• [About this task] Write out all the data verbatim. Skip images.

• [Supplied material]
-- Opening Marker --

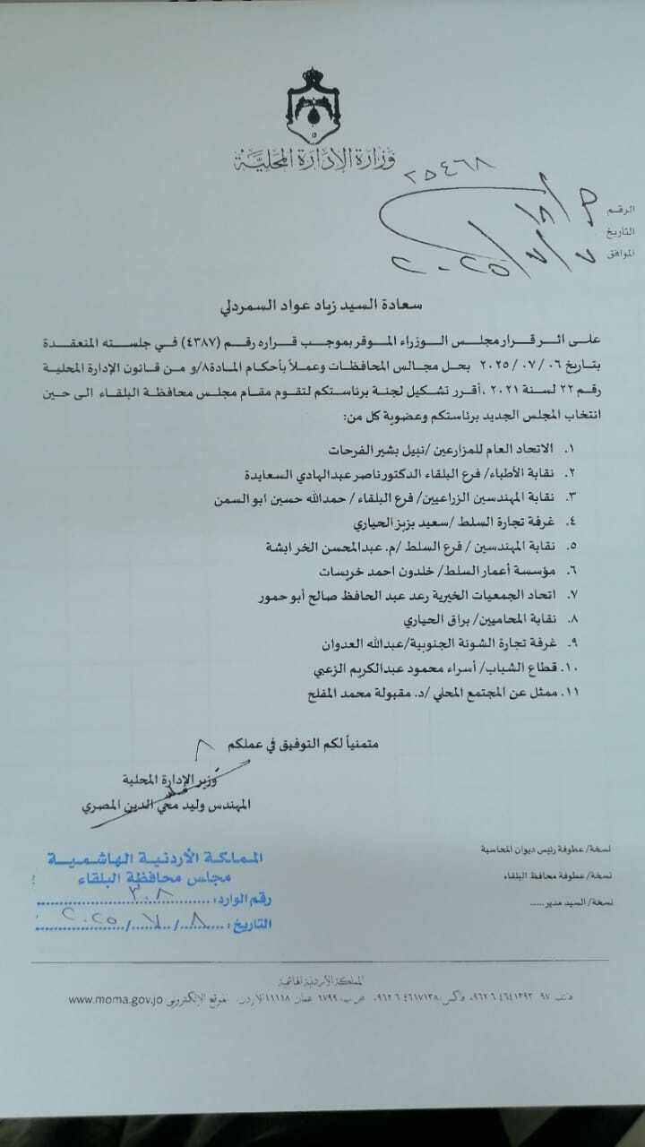 22 الاعلامي - قرر وزير الإدارة المحلية المهندس وليد المصري تعيين السيد زياد عواد السمردلي رئيساً للجنة المؤقتة المكلفة بإدارة شؤون مجلس محافظة البلقاء، وذلك بموجب قرار مجلس الوزراء رقم (4287) الصادر في جلسته المنعقدة بتاريخ 7 تموز 2025، والقاضي بحل مجالس المحافظات استناداً لأحكام المادة (6/هـ) من قانون الإدارة المحلية رقم 22 لسنة 2021.
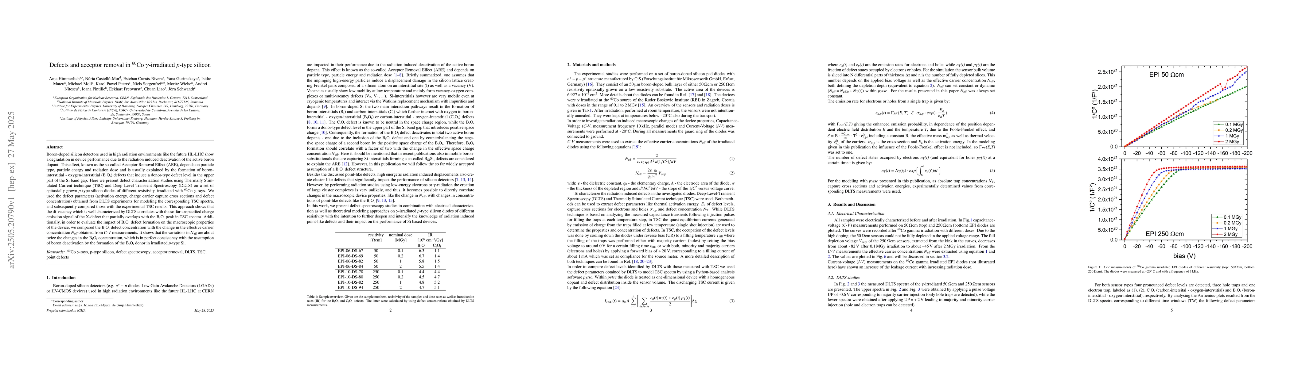 Research on 60Co γ-irradiated p-type silicon found a correlation between di-vacancy defects and the Acceptor Removal Effect, with the formation of BiOi defects causing significant degradation in device performance.
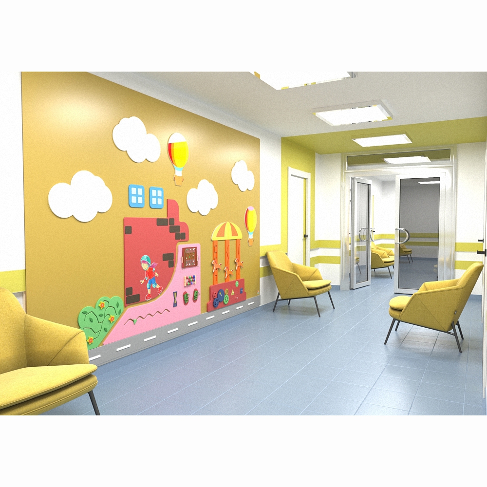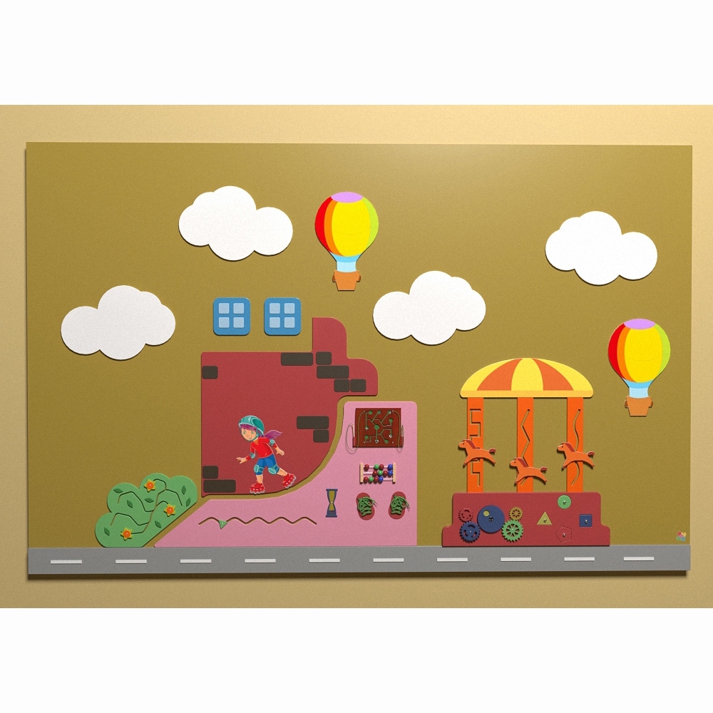 Огромная настенная панель «Активный отдых» - идеальное решение в вопросе оформления детской игровой зоны для просторных помещений. Выполнена в едином стиле и оснащена множеством развивающих и развлекательных приспособлений.
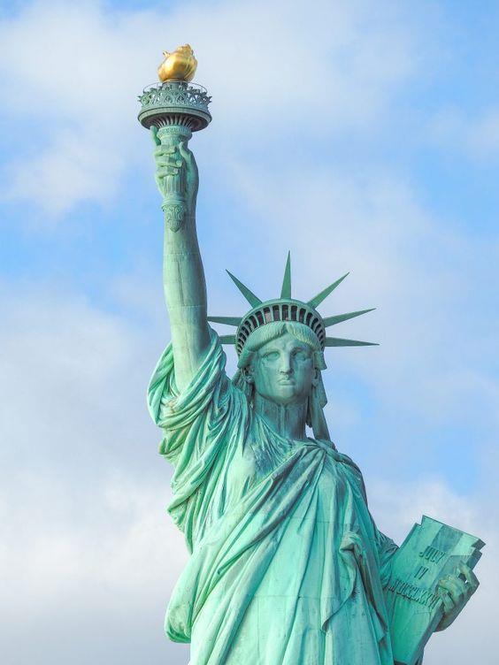 自由女神像(美国):位于美国纽约市港口的自由岛上的自由女神像,是法国在1876年赠送给美国独立100周年的礼物,是美国的象征。

-- Closing Marker --

• [Solution for this task]
 22 الاعلامي - قرر وزير الإدارة المحلية المهندس وليد المصري تعيين السيد زياد عواد السمردلي رئيساً للجنة المؤقتة المكلفة بإدارة شؤون مجلس محافظة البلقاء، وذلك بموجب قرار مجلس الوزراء رقم (4287) الصادر في جلسته المنعقدة بتاريخ 7 تموز 2025، والقاضي بحل مجالس المحافظات استناداً لأحكام المادة (6/هـ) من قانون الإدارة المحلية رقم 22 لسنة 2021.
 Research on 60Co γ-irradiated p-type silicon found a correlation between di-vacancy defects and the Acceptor Removal Effect, with the formation of BiOi defects causing significant degradation in device performance.
 Огромная настенная панель «Активный отдых» - идеальное решение в вопросе оформления детской игровой зоны для просторных помещений. Выполнена в едином стиле и оснащена множеством развивающих и развлекательных приспособлений.
 自由女神像(美国):位于美国纽约市港口的自由岛上的自由女神像,是法国在1876年赠送给美国独立100周年的礼物,是美国的象征。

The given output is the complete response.